Understanding how regional-scale processes contribute to geographic structuring of biodiversity is challenging because many possible environmental drivers often correlate across broad spatial scales
The present study shows a strong imprint of continental-scale ocean currents on the biological community structure of seaweeds across temperate Australia, with high community variability and rapid regional species turnover coinciding with large-scale heterogeneity of current patterns and a strong temperature gradient
Our study adds to the increasing support for the idea that broad-scale patterns of species distribution and community structure can be mediated by a combination of well-known temperature gradients and less-studied flow patterns [11,13]

Summary

Introduction

Understanding how regional-scale processes contribute to geographic structuring of biodiversity is challenging because many possible environmental drivers often correlate across broad spatial scales.

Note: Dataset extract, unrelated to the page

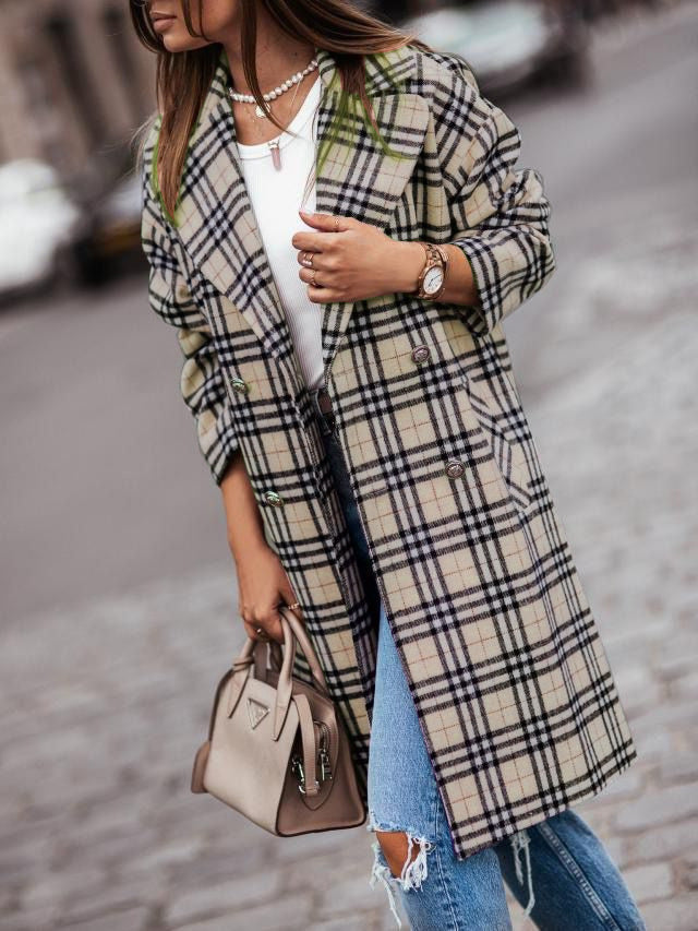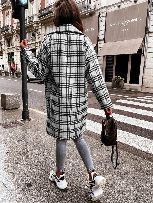 🌟 Projektowanie mody: Ten wełniany płaszcz średniej długości z nadrukowanym kołnierzem z klapami dla kobiet łączy w sobie klasyczny krój kołnierzyka garnituru z nowoczesnymi elementami z nadrukiem. Jest pełen wyczucia mody i uroku osobowości, dzięki czemu możesz pokazać swoją elegancję jesienią i zimą.

In addition to documenting biogeographic patterns, distance decay curves provide insights into the nature of the processes which underpin these patterns, through variation in the rates of distance decay of community similarity – species turnover - between geographical regions [1,2]. Temperature, in particular, has been invoked to explain biogeographic patterns for centuries [5,6]. These early accounts are supported by contemporary quantitative studies which show how temperature can be a strong predictor of spatial changes in species composition and biodiversity [7,8,9,10]. Marine biogeographers have drawn attention to the role of physical connectivity mediated by current flow and water movement, even across large distances [11,12,13,14]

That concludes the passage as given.